Trump has pointed to the Page episode as part of a broader allegation of a conspiracy by intelligence officials to destroy his campaign and presidency, an evidence-free claim that has nevertheless animated his allies on Capitol Hill to demand sweeping changes to the law.

Top Democrats acknowledged for the first time on Tuesday that they would not be able to simply latch a FISA stopgap onto other pieces of legislation moving this week like the emergency funding package to combat the coronavirus.

Some in leadership had privately discussed tying expiring federal surveillance powers to the must-pass emergency funding bill, which they saw as a path of least resistance for an otherwise controversial vote.

But top Democrats and Republicans eventually decided to pursue a “clean” funding bill to address the outbreak, significantly narrowing the range of options Congress has to avoid a lapse in the law.

“I want to see this in a standalone bill,” House Intelligence Committee Chairman Adam Schiff (D-Calif.) told reporters Tuesday. “I don’t want this to be attached to other must-pass legislation.”

New York Rep. Hakeem Jeffries, the No. 4 Democrat in House leadership, echoed that sentiment, saying the House wouldn’t link the surveillance authorities to other urgent priorities in the near term.

“It’s not my expectation that it will be attached to any legislation that is moving this week,” Jeffries said at a news conference.

Paul told reporters last week that Trump told him he does not support an extension of the expiring provisions without significant changes. Paul wants to amend the law to prevent FISA from targeting Americans, a provision that intelligence officials deploy against those suspected of acting at the behest of foreign powers.

Trump nearly tanked the most recent FISA extension in 2018, when he tweeted his apparent opposition to a bill set for House passage that day, only to send a second tweet hours later reversing course.

Paul, McConnell, McCarthy, Sen. Mike Lee (R-Utah), Senate Intelligence Chairman Richard Burr (R-N.C.), Senate Judiciary Chairman Lindsey Graham (R-S.C.), Sen. Steve Daines (R-Mont.), House Oversight ranking member Jim Jordan (R-Ohio), House Intelligence ranking member Devin Nunes (R-Calif.), Rep. Mark Meadows (R-N.C.), House Judiciary ranking member Doug Collins (R-Ga.), House Republican Conference Chair Liz Cheney (R-Wyo.) met with Trump Tuesday evening.

Jared Kushner, White House Counsel Pat Cipollone and acting chief of staff Mick Mulvaney were also present, according to a senior administration official.

Burr and Graham are eager to extend the expiring provisions, while the House hard-liners are more skeptical.

“We have to have reform. I think that’s paramount,” Jordan, a top Trump ally in the House, said in an interview on Fox News. “What we don’t want is a clean reauthorization. We’re going to be pushing for reform.”

If surveillance authorities do seem in danger of lapsing, lawmakers could consider approving a short-term extension.

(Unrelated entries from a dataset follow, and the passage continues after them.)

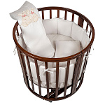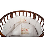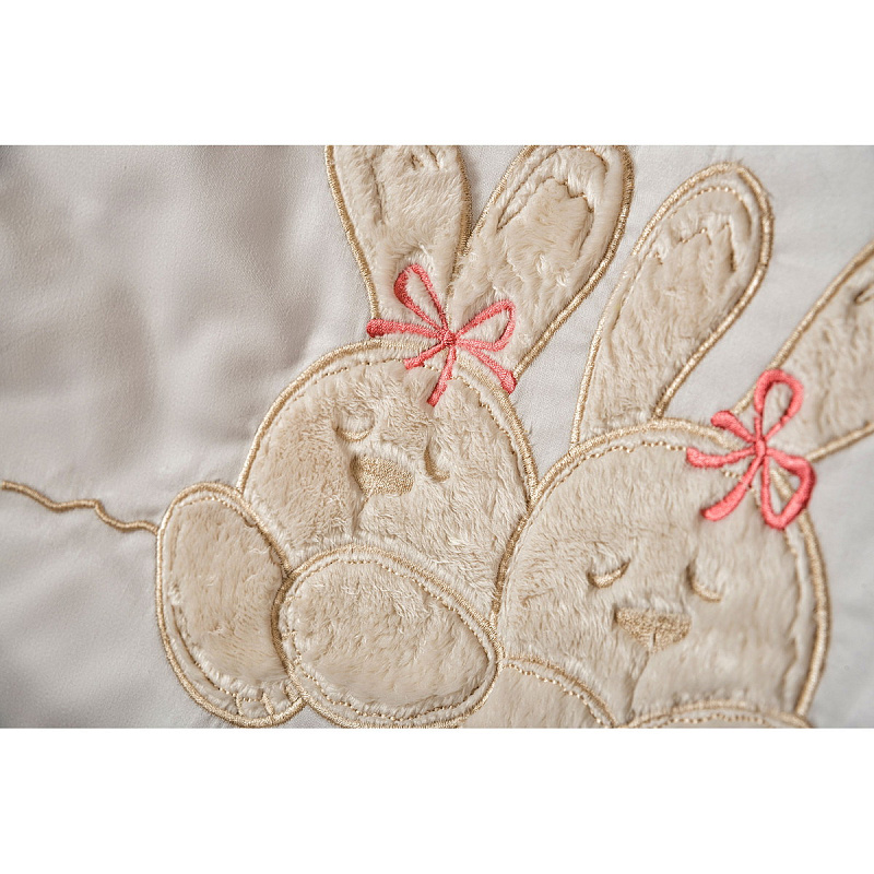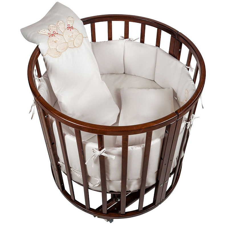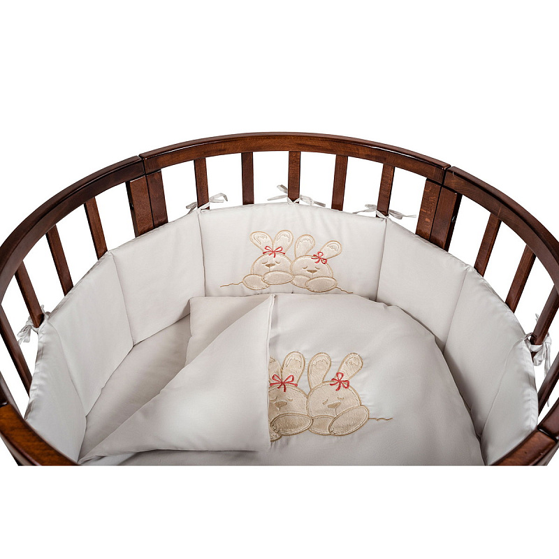 Украшен красивой вышивкой в виде маленьких милых зайчиков и предназначен для колыбелек с круглыми матрасиками.
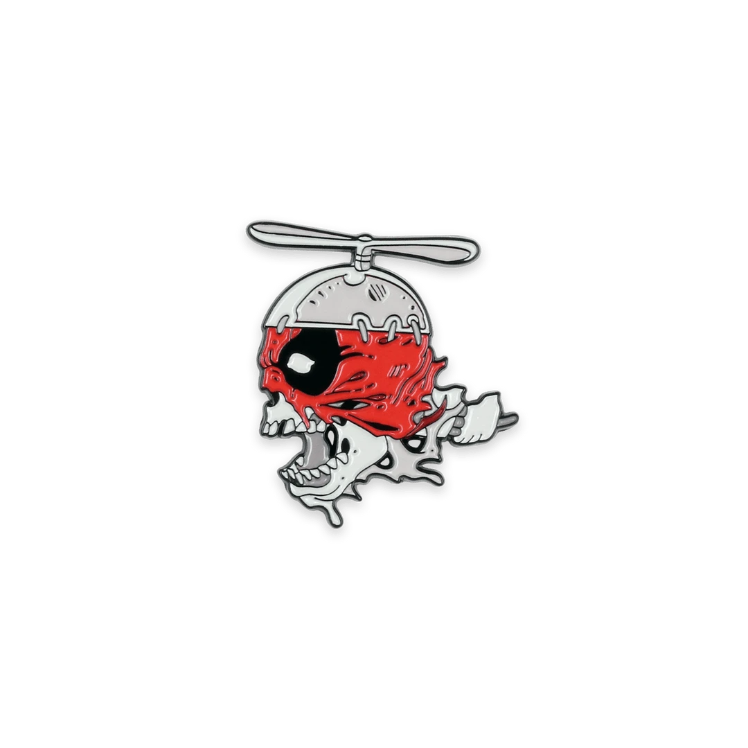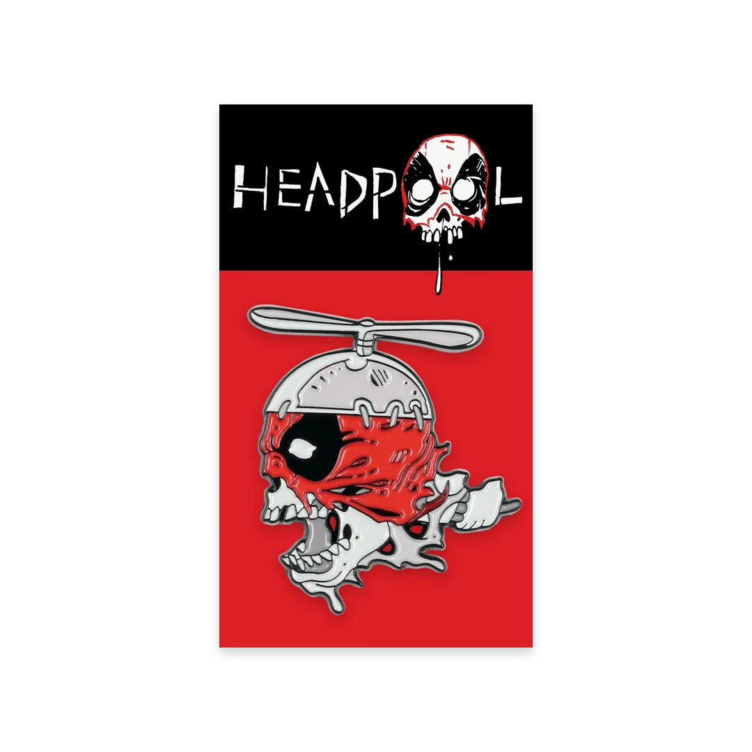 Coming straight to your jacket lapel from Earth-2149 is HEADPOOL, a demure but mightily disembodied 1.53″ high soft enamel pin designed by Sam Turner. Single post on black dyed metal with black rubber clutch backing on a 1.5″ x 2.625″ backing card.
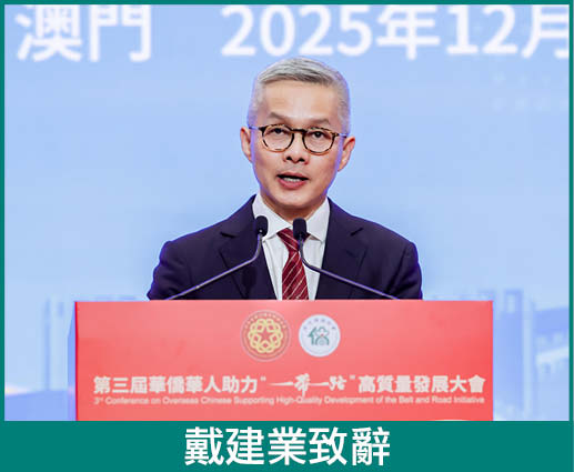 戴建業致辭表示,期望通過大會進一步凝聚僑心、匯聚僑智、發揮僑力,並讓更多僑界朋友親身感受澳門以至粵港澳大灣區的活力,將“澳門平台”轉化為全球機遇,共同參與“一帶一路”高質量發展,為構建人類命運共同體作出新的更大貢獻!
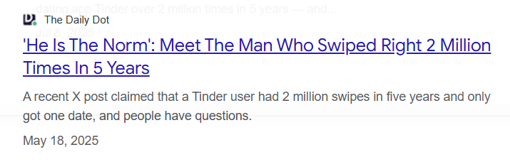 I’m sure you’ve seen the headlines and story posts of studies averaging 100-200 swipes before you match - and that’s not even factoring how many of those matches may yield a date. Then there’s reels of women saying they’ve logged onto their male friends profiles as a means to talk for them, only to discover the harsh reality that it’s really fucking hard regardless of your sex.
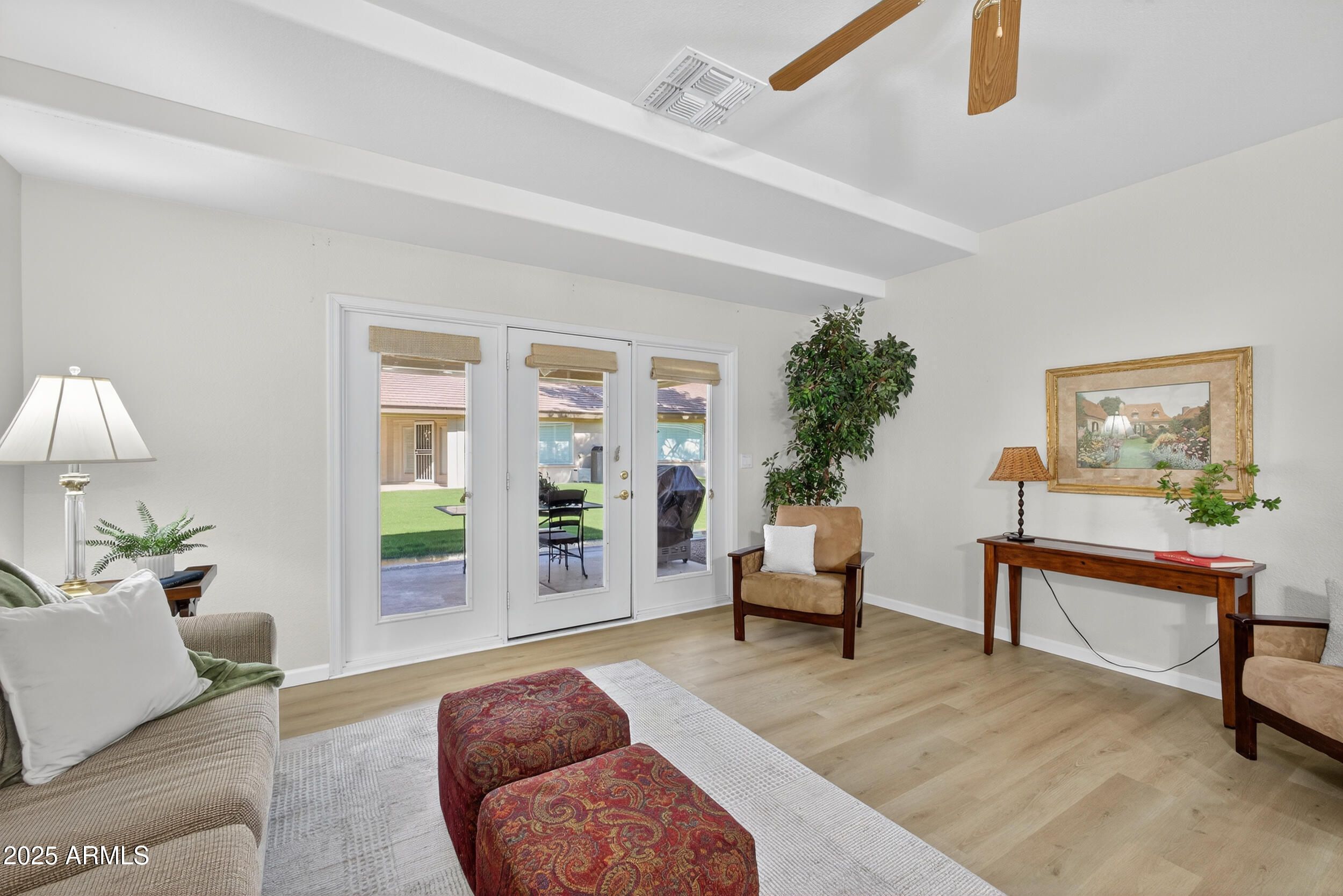Check out this Partially Furnished, 2 bedroom, 2 bathroom 2 Car Garage property in one of the best Active Adult Communities in the greater Phoenix area, Sunland Springs Village. This home has been updated with NEW Luxury Vinyl Plank, new baseboards and has a neural paint throughout. Property features a great front porch, and covered rear porch that backs up to a great green space, maintained by the HOA. Enjoy all that the community has to offer with a fantastic pool, spa, tennis court, golf and more! Located just minutes from shopping, restaurants, health care, movies, the Mesa-Gateway Airport and US60, this is the best place to be! Come check it out!
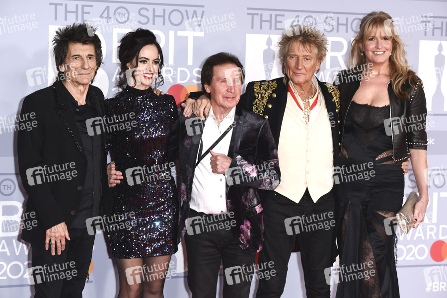 Ronnie Wood, Sally Humphreys, Kenney Jones, Rod Stewart und Penny Lancaster bei der Verleihung der BRIT Awards 2020 in der O2 Arena. London, 18.02.2020
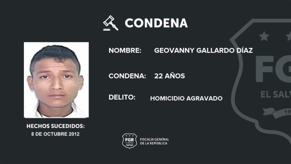 El Tribunal Segundo de Sentencia de Santa Tecla lo condenó en ausencia a 22 años de cárcel a Geovanny Gallardo Díaz, por el delito de homicidio agravado.
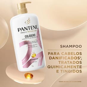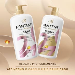 Contém no kit:01- Shampoo Pantene Pro-V Colágeno 1 Litro;01- Condicionador Pantene Pro-V Colágeno 1 Litro. Benefícios:Reestruturação dos fios: O colágeno fortalece e reconstrói a fibra capilar, proporcionando maior resistência.Hidratação profunda: Mantém os cabelos nutridos e previne o ressecamento.Brilho e maciez: Confere um visual radiante e sedoso, realçando a beleza natural dos fios. Modo de usar:Shampoo: Aplique nos cabelos úmidos, massageando suavemente para limpar e cegar os fios.Enxágue completamente.Condicionador: Aplique nos fios limpos, distribuindo uniformemente e desembaraçando.Deixe agir por alguns minutos e enxágue bem.Para melhores resultados, use a linha completa Preenche e Blinda da Pantene. Sobre a Marca Pantene: Lançada na Europa em 1947, Pantene é sinônimo de inovação e excelência no cuidado capilar. Inspirada no Pantenol – o nome científico da vitamina B5 –, uma marca desenvolvida uma tecnologia exclusiva, sete vezes mais eficaz, que fortalece e repara os fios. A tecnologia Pro-V de Pantene é capaz de prevenir a quebra e reduzir a queda capilar em até 98% em apenas uma semana, reafirmando seu compromisso em oferecer resultados surpreendentes e cabelos cheios de vida.
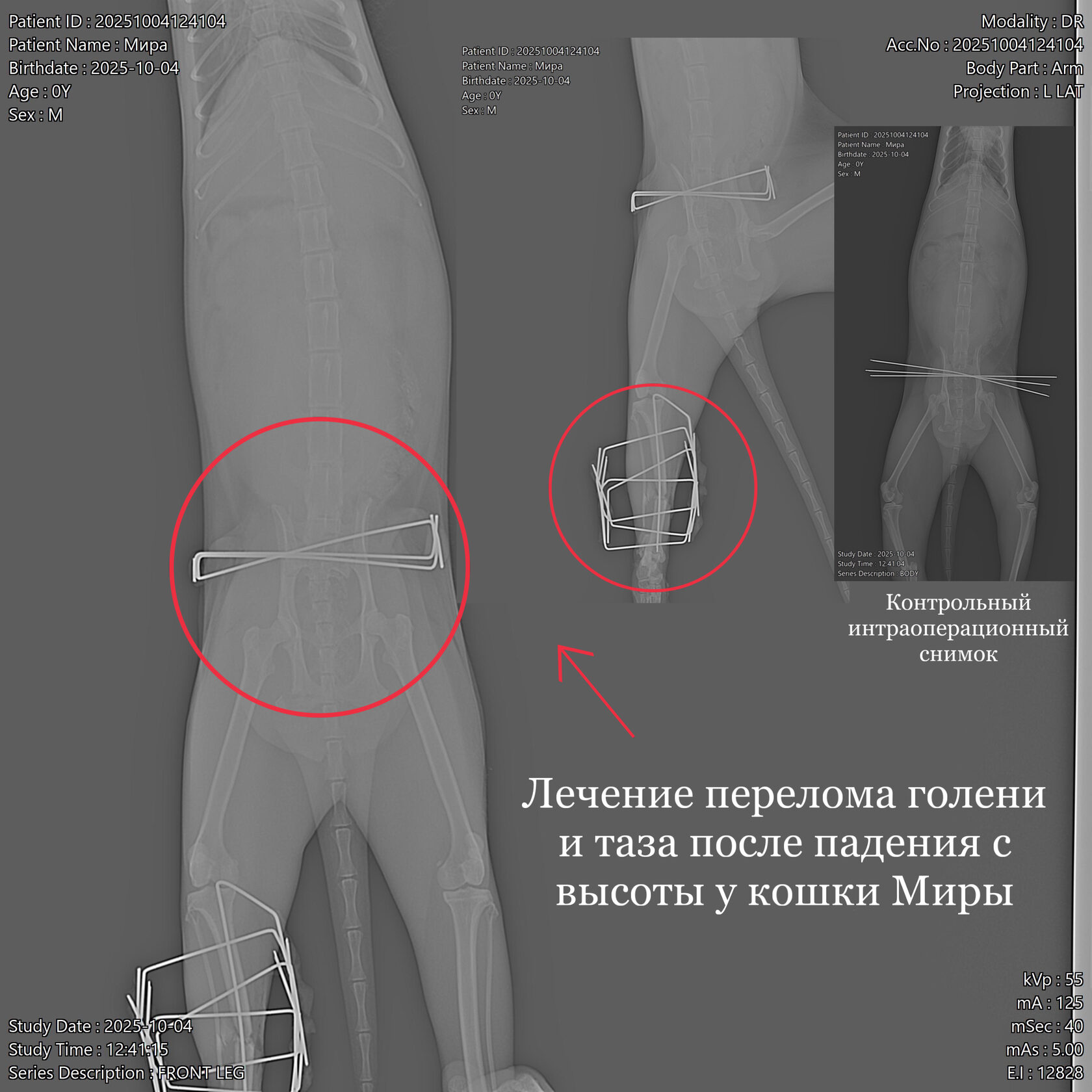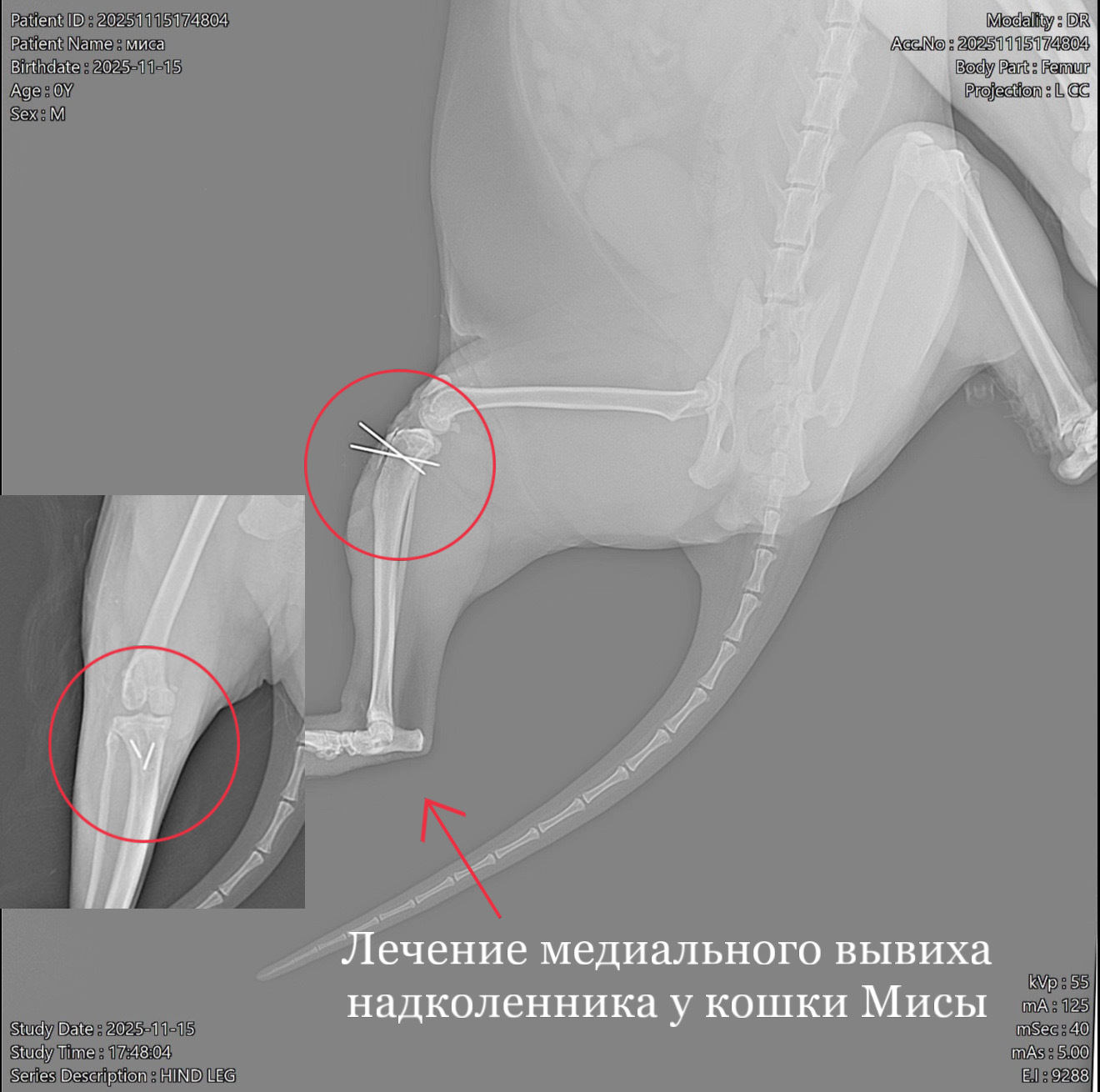 При сложных повреждениях используются остеосинтез, артроскопия и другие современные техники. Лечение проходит под контролем врача-анестезиолога, с учётом возраста и состояния животного.
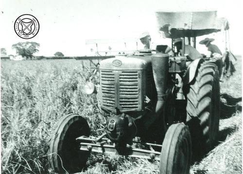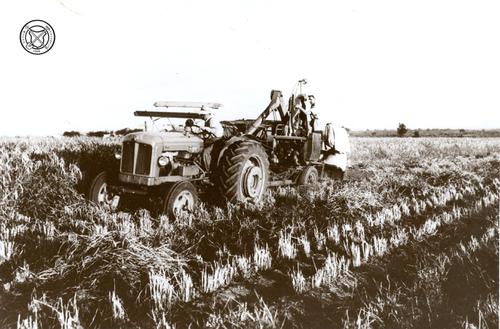 Tractor en zeis tijdens rijstoogst
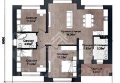 Входная группа, просторная кухня-студия с выходом на террасу, 3 спальных комнаты, санузел, котельная
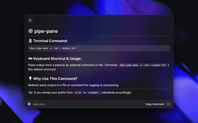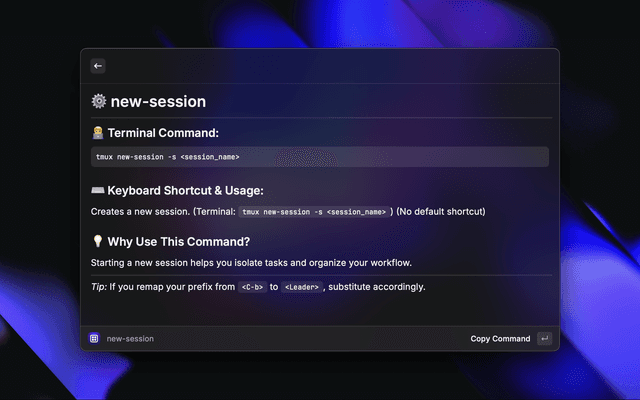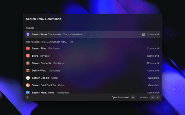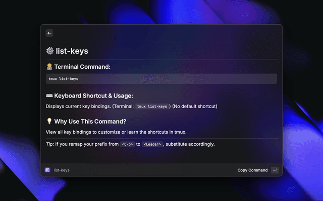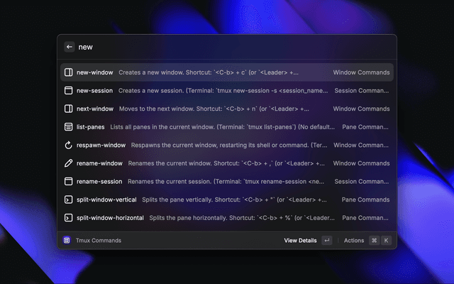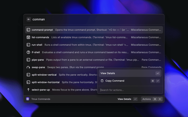 Tmux Command Lookup is a Raycast extension built with TypeScript and React that provides a comprehensive, searchable cheatsheet for tmux commands. The extension groups commands by category (e.g., Session Commands, Window Commands, Pane Commands, etc.) and displays detailed information about each command, including the terminal syntax and default keyboard shortcuts.

The split among Democrats is also significant. Schiff said he has been meeting with Jayapal and Rep. Zoe Lofgren (D-Calif.) — two progressives proposing changes to the FISA law — to try and reach a deal.

Lofgren’s push for amendments to the law helped derail a delicate agreement between Schiff and Judiciary Chairman Jerry Nadler (D-N.Y.) last week after she insisted on bringing them up at a committee markup. The markup was called off amid uncertainty about the deal.

“I feel like these bills always come down to the last minute and we’re always scrambling against time,” Jayapal said. “But we’re still working on it. This is an issue that’s really important to the Progressive Caucus. … We have to get serious reforms in, and it certainly takes a lot of steps there. But we certainly have more ways to go.”

Sarah Ferris, Andrew Desiderio and Martin Matishak contributed to this report.